Data provided below:

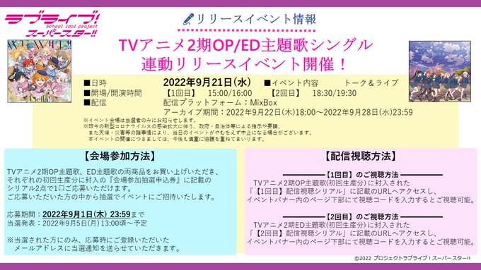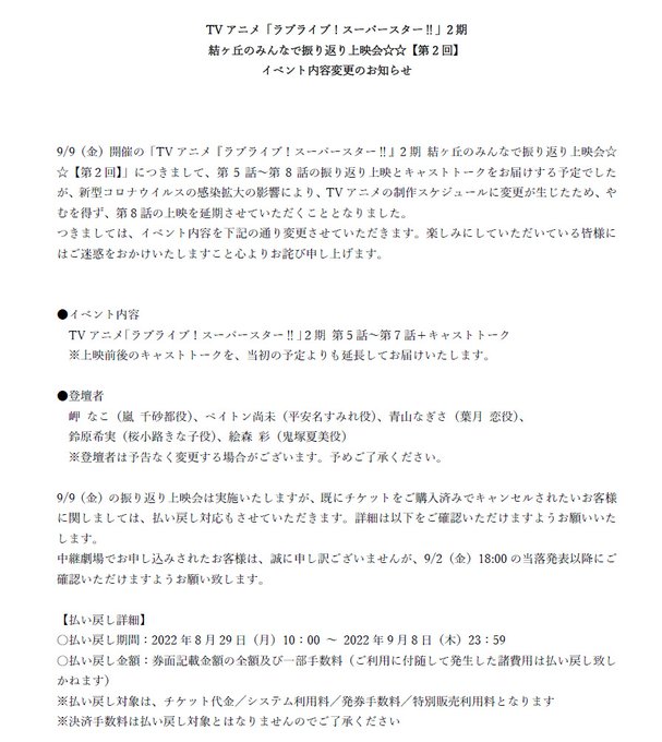 9/9(金)開催のTVアニメ「ラブライブ!スーパースター!!」2期 結ヶ丘のみんなで振り返り上映会☆☆【第2回】について、イベント内容変更のお知らせです。詳細は添付画像をご確認ください。
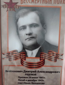 Войтехович Дмитрий Яковлевич 1904 - 1943 Войтик Василий Владимирович Ворошиловградская область, Верхне-Тепловский район село Войтово 1920 - 1941 Войтик Григорий Данилович 1913 - 1985 Войтик Иван Григорьевич Называевский район, с. Путь Социализма 1925 Войтик Иосиф Адамович 1922 - 2017 Войтиков Иван Григорьевич Омская область, Называевский район, с. Путиловка 1925 Войтиков Илья Иванович 1910 Войтин Василий Дмитриевич 1911 - 1987 Войтин Георгий Яковлевич Оренбургская обл. 1916 - 1967 Войтин Георгий Яковливич 1916 - 1967 Войтинский Борис Соломонович 1918 Войтишин Степан Сафронович 1917 - 1943 Войтишко Иван Севастианович 1912 - 1988 Войтишко Николай Петрович Войткевич Анатолий Францевич Войткевич Анатолий Францевич Войткевич Борис Александрович г. Калач, Ростовской обл. 1927 - 2016 Войткевич Борис Осипович 1923 - 1990 Войткевич Владислав Александрович д. Волтуп Ошмянского р-на Виленской губернии 1914 Войткевич Иннокентий Иосифович 1910 - 1986
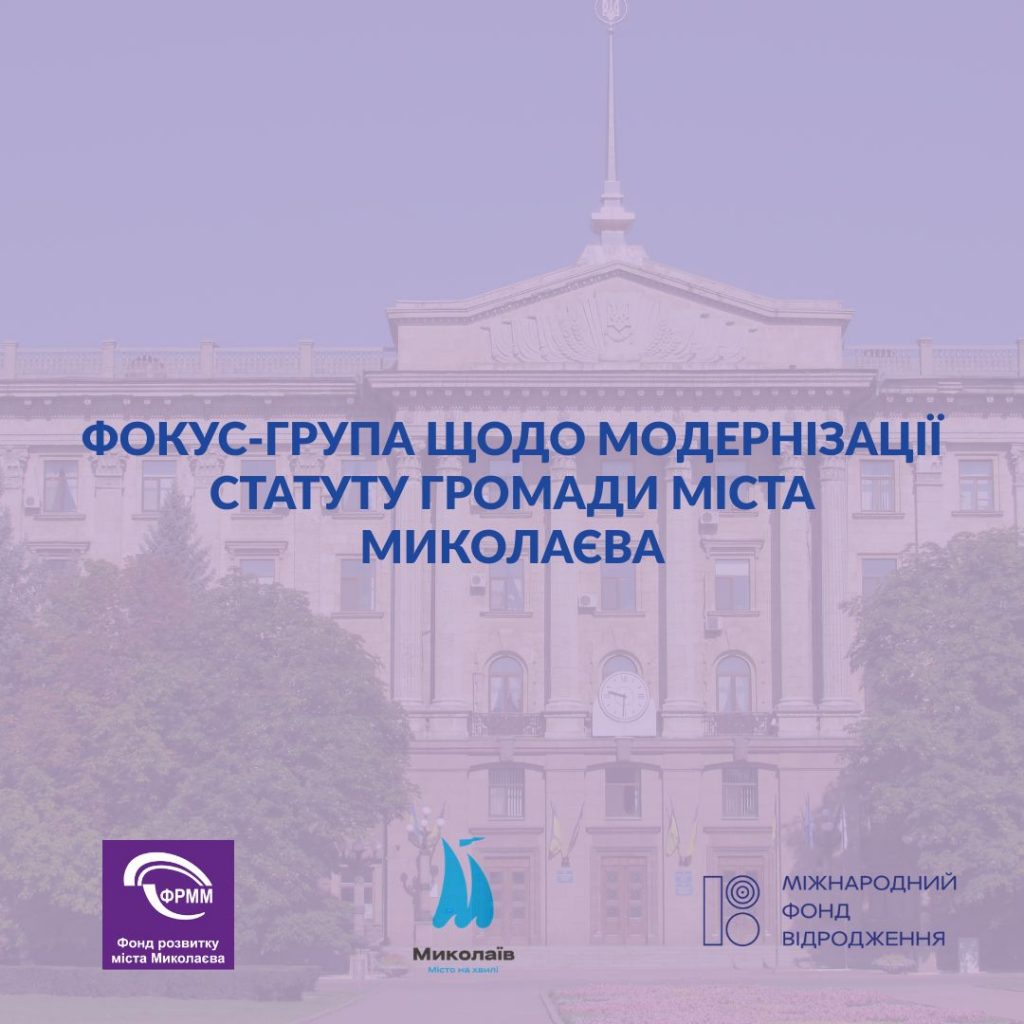 Розробка Статуту Миколаївської міської територіальної громади відбувається за підтримки Міжнародного фонду «Відродження» в рамках проєкту ФРММ «Дієва місцева демократія у Статутах двох громад Миколаївщини».

End of Data provided.

Activity: Would you provide an exact, picture-free copy of the data above?

Answer below:
 9/9(金)開催のTVアニメ「ラブライブ!スーパースター!!」2期 結ヶ丘のみんなで振り返り上映会☆☆【第2回】について、イベント内容変更のお知らせです。詳細は添付画像をご確認ください。
 Войтехович Дмитрий Яковлевич 1904 - 1943 Войтик Василий Владимирович Ворошиловградская область, Верхне-Тепловский район село Войтово 1920 - 1941 Войтик Григорий Данилович 1913 - 1985 Войтик Иван Григорьевич Называевский район, с. Путь Социализма 1925 Войтик Иосиф Адамович 1922 - 2017 Войтиков Иван Григорьевич Омская область, Называевский район, с. Путиловка 1925 Войтиков Илья Иванович 1910 Войтин Василий Дмитриевич 1911 - 1987 Войтин Георгий Яковлевич Оренбургская обл. 1916 - 1967 Войтин Георгий Яковливич 1916 - 1967 Войтинский Борис Соломонович 1918 Войтишин Степан Сафронович 1917 - 1943 Войтишко Иван Севастианович 1912 - 1988 Войтишко Николай Петрович Войткевич Анатолий Францевич Войткевич Анатолий Францевич Войткевич Борис Александрович г. Калач, Ростовской обл. 1927 - 2016 Войткевич Борис Осипович 1923 - 1990 Войткевич Владислав Александрович д. Волтуп Ошмянского р-на Виленской губернии 1914 Войткевич Иннокентий Иосифович 1910 - 1986
 Розробка Статуту Миколаївської міської територіальної громади відбувається за підтримки Міжнародного фонду «Відродження» в рамках проєкту ФРММ «Дієва місцева демократія у Статутах двох громад Миколаївщини».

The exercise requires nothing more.